What the task asks: Nothing but the lines from the one with "Jedálenská stolička NYLA" through the end of the listing should be reproduced, each exactly and with pictures omitted.

━━━━━ Source material

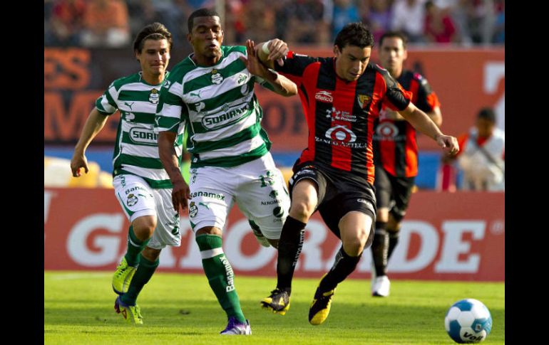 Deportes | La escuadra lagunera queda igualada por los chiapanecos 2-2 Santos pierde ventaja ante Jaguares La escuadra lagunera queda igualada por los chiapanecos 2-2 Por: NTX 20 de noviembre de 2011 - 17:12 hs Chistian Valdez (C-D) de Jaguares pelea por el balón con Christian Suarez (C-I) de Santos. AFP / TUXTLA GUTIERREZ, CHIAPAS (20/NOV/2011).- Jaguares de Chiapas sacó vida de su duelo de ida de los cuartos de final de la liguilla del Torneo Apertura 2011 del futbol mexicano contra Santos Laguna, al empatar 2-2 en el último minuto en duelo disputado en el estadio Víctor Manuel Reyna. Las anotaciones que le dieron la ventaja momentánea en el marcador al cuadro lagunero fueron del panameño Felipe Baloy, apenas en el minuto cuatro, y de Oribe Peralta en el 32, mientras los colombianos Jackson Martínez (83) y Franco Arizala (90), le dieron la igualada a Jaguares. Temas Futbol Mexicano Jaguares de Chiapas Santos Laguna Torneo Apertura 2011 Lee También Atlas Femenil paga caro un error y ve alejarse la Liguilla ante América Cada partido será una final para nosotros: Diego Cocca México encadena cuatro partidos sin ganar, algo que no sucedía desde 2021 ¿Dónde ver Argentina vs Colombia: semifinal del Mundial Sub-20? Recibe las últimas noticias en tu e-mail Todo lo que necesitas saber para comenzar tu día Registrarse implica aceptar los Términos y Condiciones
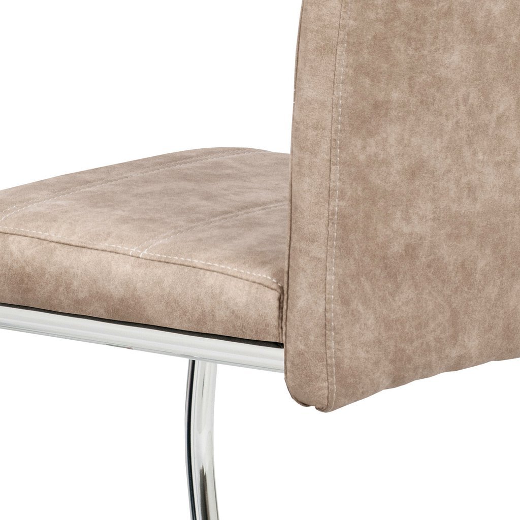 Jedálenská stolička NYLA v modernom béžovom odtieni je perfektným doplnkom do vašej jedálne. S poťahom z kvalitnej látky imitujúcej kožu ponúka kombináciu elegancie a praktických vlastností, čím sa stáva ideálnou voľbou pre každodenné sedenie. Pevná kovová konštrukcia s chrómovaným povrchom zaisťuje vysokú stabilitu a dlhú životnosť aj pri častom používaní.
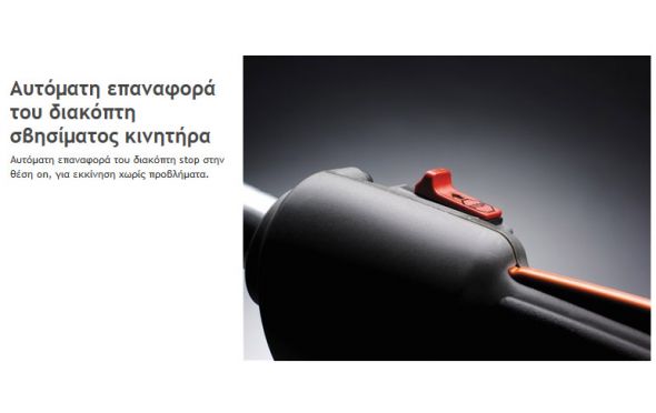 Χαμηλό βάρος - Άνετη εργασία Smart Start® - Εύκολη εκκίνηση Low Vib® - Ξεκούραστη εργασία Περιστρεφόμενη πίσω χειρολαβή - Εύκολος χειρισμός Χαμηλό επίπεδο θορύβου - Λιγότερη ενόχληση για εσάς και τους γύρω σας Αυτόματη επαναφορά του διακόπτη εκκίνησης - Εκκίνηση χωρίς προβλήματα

━━━━━━━━━━

Worked solution:
 Jedálenská stolička NYLA v modernom béžovom odtieni je perfektným doplnkom do vašej jedálne. S poťahom z kvalitnej látky imitujúcej kožu ponúka kombináciu elegancie a praktických vlastností, čím sa stáva ideálnou voľbou pre každodenné sedenie. Pevná kovová konštrukcia s chrómovaným povrchom zaisťuje vysokú stabilitu a dlhú životnosť aj pri častom používaní.
 Χαμηλό βάρος - Άνετη εργασία Smart Start® - Εύκολη εκκίνηση Low Vib® - Ξεκούραστη εργασία Περιστρεφόμενη πίσω χειρολαβή - Εύκολος χειρισμός Χαμηλό επίπεδο θορύβου - Λιγότερη ενόχληση για εσάς και τους γύρω σας Αυτόματη επαναφορά του διακόπτη εκκίνησης - Εκκίνηση χωρίς προβλήματα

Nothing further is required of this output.